どれぐらいの時間が経ったのだろうか?
 姉の声はパタリと聞こえなくなり、心の中でザワザワしたものが落ち着いていき私は大きく溜息を吐いた。
 だけどそれは姉が落ち着いたからではなく、居なくなったから。
 その現実に、落ち着いたはずの胸のざわつきがまた私を責めてくる。

 ドアを開け階段を一段一段降りていくと、先生が待ってくれていた。
「未咲ちゃん。明日香ちゃん落ち着いて行ってくれたから大丈夫だからね」

 返事も出来ずただ呆然とその姿を見ると先生のズボンも湿っていて顔や腕には複数の引っ掻き傷があり、暴れた姉に傷付けられたのだと察せられる。
「……あ、これ? 大丈夫、慣れたもんだから。それよりお風呂入ってきたら? 足濡れて気持ち悪いだろうし」

「これ、母のですけど。先に入ってください」
 引き出しより出して来たのは母が生前に着用していた部屋着で、心の整理がつかず捨てられなかった物の一つだった。

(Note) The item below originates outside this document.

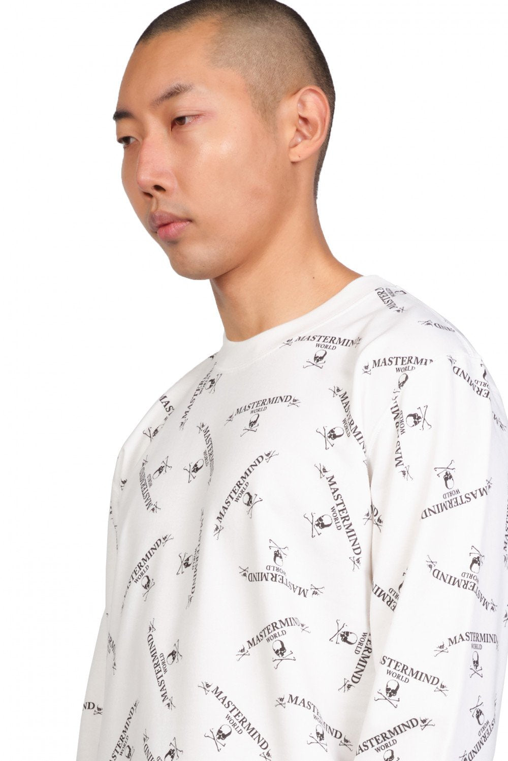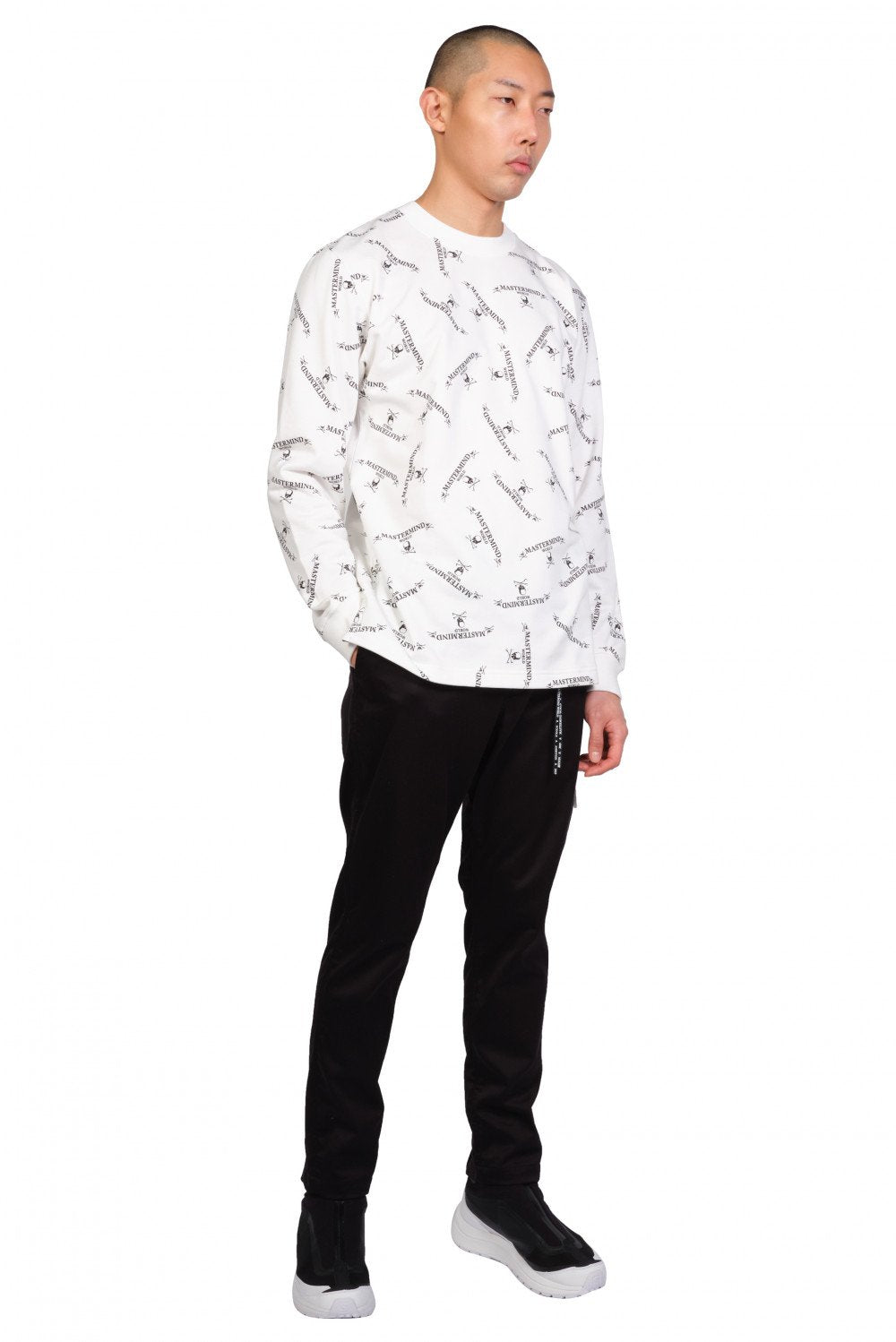 White featuring logo pattern printed in white throughout. Rib knit crewneck collar and cuffs. Textile logo patches in black at hem. Tonal stitching

「ありがとう、貸してもらうね。先に入って来なさい。風邪引くと大変だから」

 促されるまま濡れて冷たくなっていたズボンを脱ぎ、浴室に入った私は温かなシャワーを浴びる。
 備え付けられている鏡を覗き込むと目の下は隈が濃くなっていて、やつれていて、肌はカサカサしていて、ケアをしていない髪は伸びっぱなしでバサバサだった。
 その姿はとても高校三年生には見えず鏡より目を逸らすと、その先は浴槽。そこにははしゃぐ声もお湯でぷかぷか遊ぶ姿はなく、私はシャワーを浴びながら目をギュッと閉じた。

 一人お風呂場より上がってくるとリビングからは出汁の香りがして、鍋の中には味噌汁が出来ていた。

 髪を乾かしてくるように言われてそうしている間に先生はサッとお風呂に入り、テーブルに食事を並べていく。ご飯、野菜炒め、味噌汁、サラダ。こんなこと、一体いつぶりなのだろうか?

「美味しいです」
 最近何を食べても、味なんてしなかったのにどうしてだろう?
 全て食べ終わり立ち上がって食器を片付けようとするも、片付けるから好きなことしててと先生は台所に私を入れようとしなかった。

 ……好きなこと?
 充電中のスマホを触るも、あるのは姉が好きな幼児用アプリばかり。テレビは見てないし、動画も分からないし、本なんてずっと読んでない。
 私は何が好きなのだろうか?

「先生、帰らなくて大丈夫ですか?」
「うーん、今日は未咲ちゃんを一人に出来ないな。大人として」
「……ごめんなさい」
 先生に迷惑をかけてしまった。私の突発的な行動のせいで。

「迷惑じゃないからね。むしろお泊まり会みたいで楽しいぐらいだし。良かったら、一緒に寝ない?」
「……はい」
 先生は私の考えを先回りして、返してくれる。
 私が言えなかった言葉を。

 好きなことをして良いと言ってもらったけど私はやはり何をして良いのかが分からず、ただぼんやりとカーテンを開け星々を眺めていた。
 ……私って空っぽな人間だな。
 カーテンレースを強く握り締めながら、時間が過ぎるのを待った。

「おやすみなさい」
 だいぶ遅い就寝時間。寝室に布団を二つ引いて、共に横になる。
 だけど私は目を閉じることもなく、チラッと京子先生の方に目をやる。

「どうしたの?」
「いえ」
 タオルケットをガパッと被った私は、緩んでしまった口元を見えないようにと懸命に隠す。

 ……子供の頃、姉は母と同じ布団で寝ないと落ち着かなくて、二人はいつも一緒に眠っていた。
 だけど一週間だけ、私が母と同じベッドで眠れたことがあった。
 あれは年長の時。保育園で激しい腹痛に襲われた私は、救急車で病院に運ばれ盲腸と診断された。
 二、三日腹痛に苦しんだ上に手術になってしまい、痛く苦しかったはずなのに、良い思い出として残っている。
 だって。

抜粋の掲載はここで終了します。